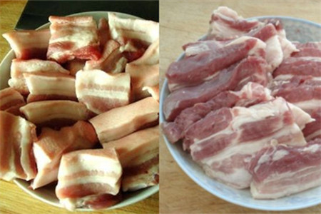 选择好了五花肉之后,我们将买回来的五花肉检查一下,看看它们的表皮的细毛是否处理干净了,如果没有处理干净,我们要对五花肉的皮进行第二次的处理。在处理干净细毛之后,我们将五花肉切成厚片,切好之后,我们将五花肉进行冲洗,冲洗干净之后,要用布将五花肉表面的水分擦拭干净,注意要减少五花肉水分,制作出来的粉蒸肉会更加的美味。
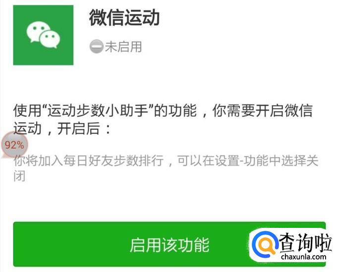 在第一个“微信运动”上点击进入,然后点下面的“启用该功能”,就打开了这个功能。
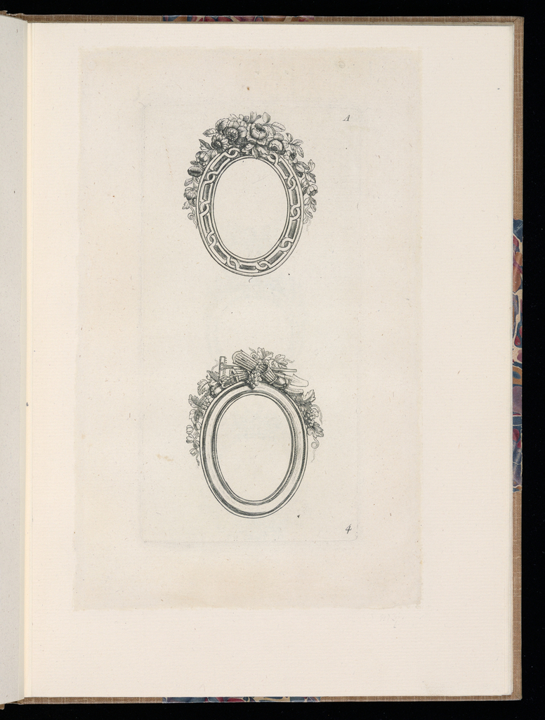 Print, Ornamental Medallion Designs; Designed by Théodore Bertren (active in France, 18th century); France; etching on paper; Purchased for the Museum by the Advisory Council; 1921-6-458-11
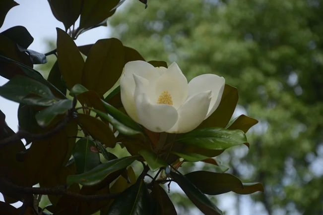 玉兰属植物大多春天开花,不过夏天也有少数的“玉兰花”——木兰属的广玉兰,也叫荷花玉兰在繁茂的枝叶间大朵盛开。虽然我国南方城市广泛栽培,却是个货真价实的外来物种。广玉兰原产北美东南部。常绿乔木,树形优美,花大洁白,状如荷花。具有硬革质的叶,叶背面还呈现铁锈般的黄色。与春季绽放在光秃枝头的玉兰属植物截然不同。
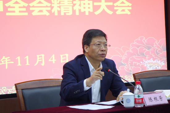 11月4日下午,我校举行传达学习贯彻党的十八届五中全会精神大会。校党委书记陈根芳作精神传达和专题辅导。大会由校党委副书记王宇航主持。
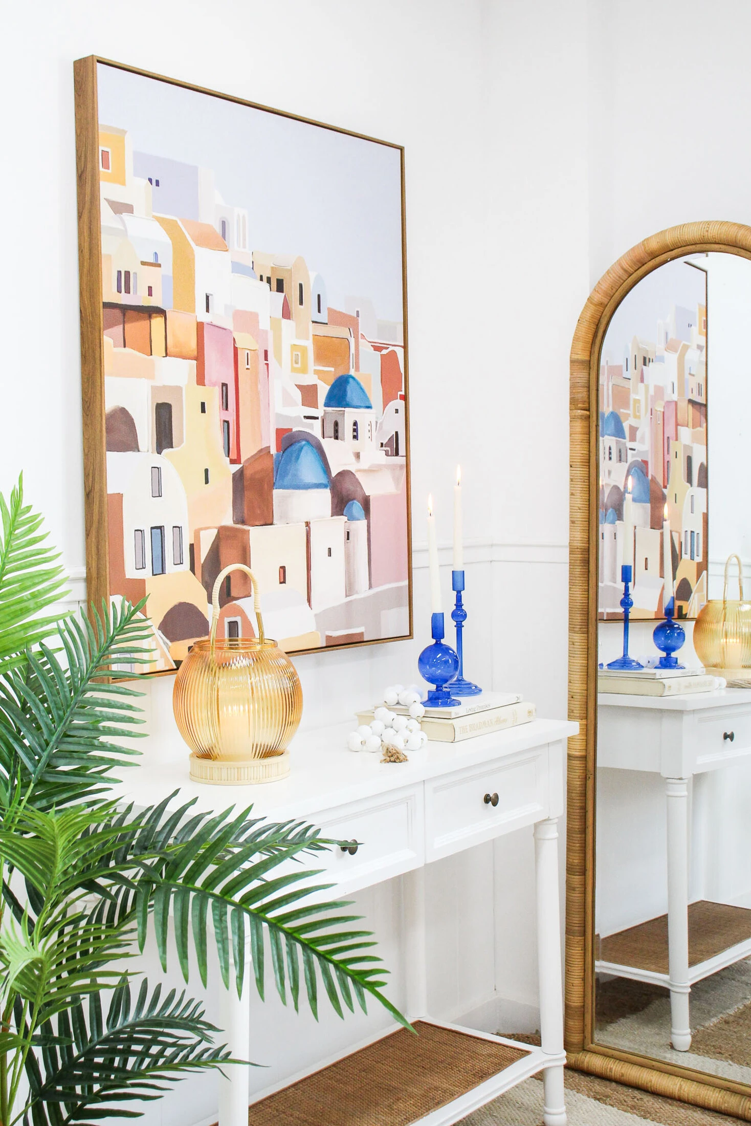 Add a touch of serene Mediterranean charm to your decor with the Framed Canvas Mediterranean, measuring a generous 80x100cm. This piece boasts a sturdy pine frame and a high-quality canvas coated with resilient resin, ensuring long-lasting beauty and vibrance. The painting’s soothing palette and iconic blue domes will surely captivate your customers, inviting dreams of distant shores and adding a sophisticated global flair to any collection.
...
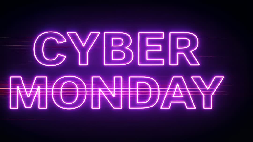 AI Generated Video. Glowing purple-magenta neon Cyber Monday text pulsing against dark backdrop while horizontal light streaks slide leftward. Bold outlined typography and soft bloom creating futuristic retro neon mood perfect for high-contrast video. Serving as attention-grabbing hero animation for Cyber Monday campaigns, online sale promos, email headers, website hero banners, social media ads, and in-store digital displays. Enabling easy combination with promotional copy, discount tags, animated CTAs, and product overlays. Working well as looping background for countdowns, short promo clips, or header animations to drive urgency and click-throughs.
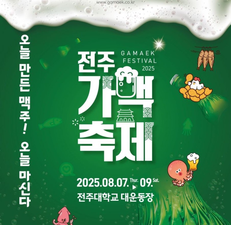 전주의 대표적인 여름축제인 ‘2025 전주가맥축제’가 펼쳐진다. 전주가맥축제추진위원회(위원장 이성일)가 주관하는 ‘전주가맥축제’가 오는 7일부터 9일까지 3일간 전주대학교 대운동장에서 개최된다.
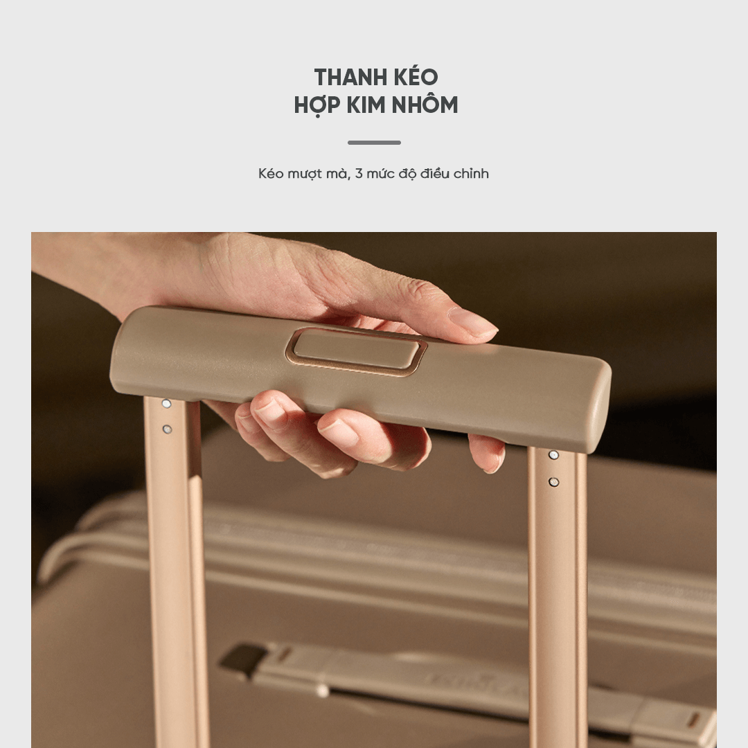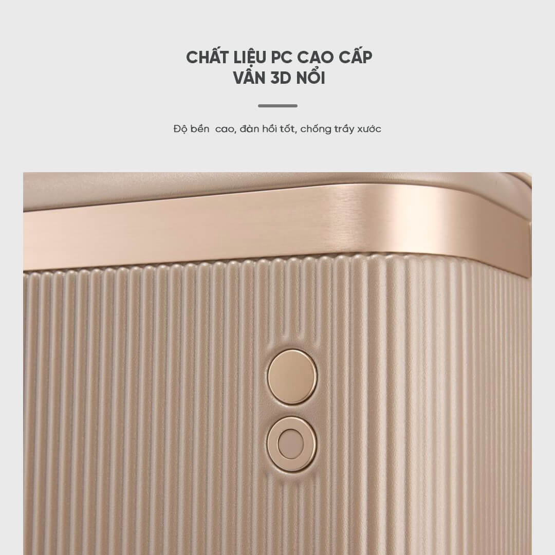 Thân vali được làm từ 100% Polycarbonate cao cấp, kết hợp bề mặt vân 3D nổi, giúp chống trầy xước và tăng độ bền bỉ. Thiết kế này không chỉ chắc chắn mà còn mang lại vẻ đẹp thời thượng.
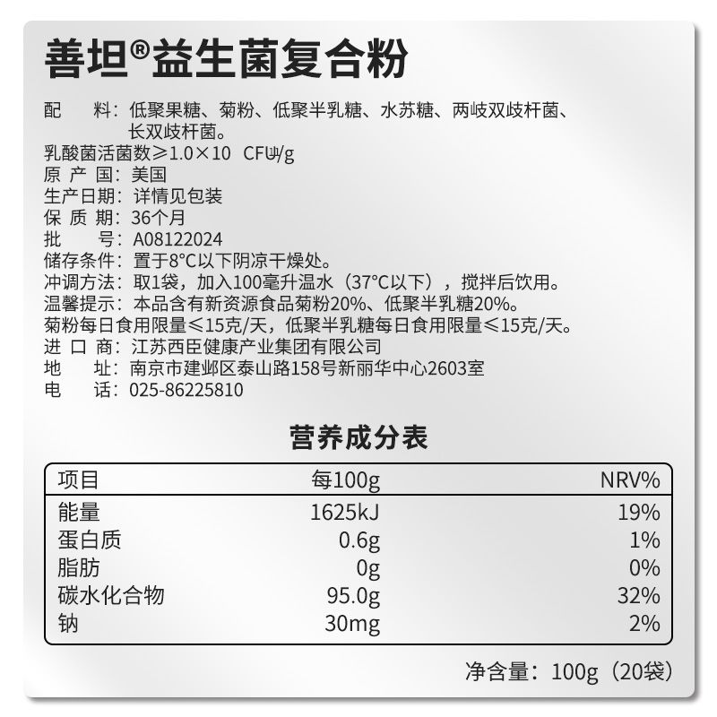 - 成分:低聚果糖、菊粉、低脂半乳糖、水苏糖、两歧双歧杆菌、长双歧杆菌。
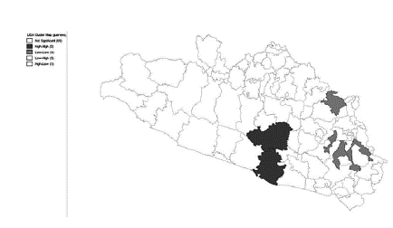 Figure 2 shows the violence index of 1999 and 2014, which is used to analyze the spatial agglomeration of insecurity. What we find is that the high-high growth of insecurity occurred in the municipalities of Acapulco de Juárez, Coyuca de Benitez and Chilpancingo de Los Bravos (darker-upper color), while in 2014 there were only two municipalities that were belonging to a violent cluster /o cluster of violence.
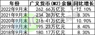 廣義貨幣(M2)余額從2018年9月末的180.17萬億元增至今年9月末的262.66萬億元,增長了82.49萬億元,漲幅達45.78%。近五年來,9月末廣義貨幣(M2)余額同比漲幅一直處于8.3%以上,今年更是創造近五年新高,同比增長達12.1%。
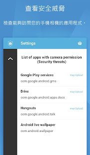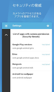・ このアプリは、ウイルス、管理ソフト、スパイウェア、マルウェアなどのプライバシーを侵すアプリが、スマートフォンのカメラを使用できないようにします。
==
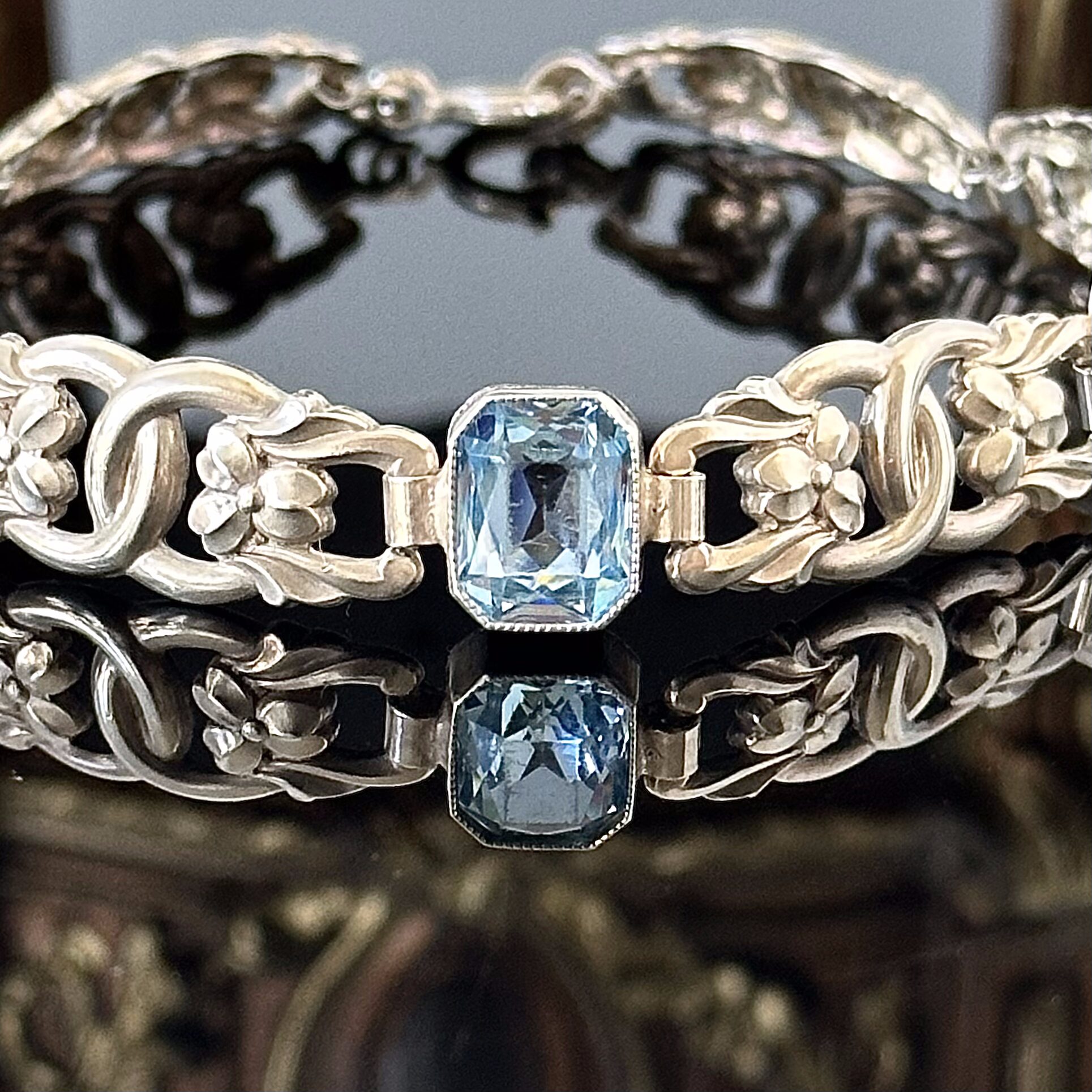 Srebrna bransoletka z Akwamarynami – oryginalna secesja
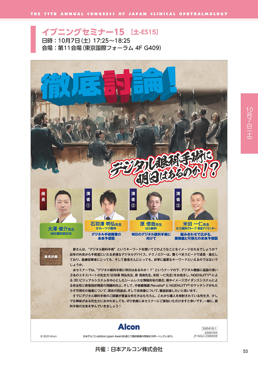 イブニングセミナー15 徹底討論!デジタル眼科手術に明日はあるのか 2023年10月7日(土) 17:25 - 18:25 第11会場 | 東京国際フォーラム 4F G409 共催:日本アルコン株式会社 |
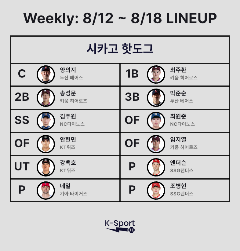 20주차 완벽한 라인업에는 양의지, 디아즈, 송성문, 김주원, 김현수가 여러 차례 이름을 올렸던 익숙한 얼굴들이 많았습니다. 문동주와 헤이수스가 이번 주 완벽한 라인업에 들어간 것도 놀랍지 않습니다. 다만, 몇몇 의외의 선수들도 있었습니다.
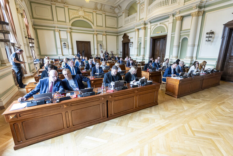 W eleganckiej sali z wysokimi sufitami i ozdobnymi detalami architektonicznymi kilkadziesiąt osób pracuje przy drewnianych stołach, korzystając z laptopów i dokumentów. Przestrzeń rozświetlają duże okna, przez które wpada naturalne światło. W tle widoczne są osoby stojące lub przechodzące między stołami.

§ **Task requirements**: Given the listing above, retype only the span of lines from the line with "选择好了五花肉之后,我们将买" up to and including the line with "Add a touch", exactly as it stands and without pictures.

§ **Task solution**:
 选择好了五花肉之后,我们将买回来的五花肉检查一下,看看它们的表皮的细毛是否处理干净了,如果没有处理干净,我们要对五花肉的皮进行第二次的处理。在处理干净细毛之后,我们将五花肉切成厚片,切好之后,我们将五花肉进行冲洗,冲洗干净之后,要用布将五花肉表面的水分擦拭干净,注意要减少五花肉水分,制作出来的粉蒸肉会更加的美味。
 在第一个“微信运动”上点击进入,然后点下面的“启用该功能”,就打开了这个功能。
 Print, Ornamental Medallion Designs; Designed by Théodore Bertren (active in France, 18th century); France; etching on paper; Purchased for the Museum by the Advisory Council; 1921-6-458-11
 玉兰属植物大多春天开花,不过夏天也有少数的“玉兰花”——木兰属的广玉兰,也叫荷花玉兰在繁茂的枝叶间大朵盛开。虽然我国南方城市广泛栽培,却是个货真价实的外来物种。广玉兰原产北美东南部。常绿乔木,树形优美,花大洁白,状如荷花。具有硬革质的叶,叶背面还呈现铁锈般的黄色。与春季绽放在光秃枝头的玉兰属植物截然不同。
 11月4日下午,我校举行传达学习贯彻党的十八届五中全会精神大会。校党委书记陈根芳作精神传达和专题辅导。大会由校党委副书记王宇航主持。
 Add a touch of serene Mediterranean charm to your decor with the Framed Canvas Mediterranean, measuring a generous 80x100cm. This piece boasts a sturdy pine frame and a high-quality canvas coated with resilient resin, ensuring long-lasting beauty and vibrance. The painting’s soothing palette and iconic blue domes will surely captivate your customers, inviting dreams of distant shores and adding a sophisticated global flair to any collection.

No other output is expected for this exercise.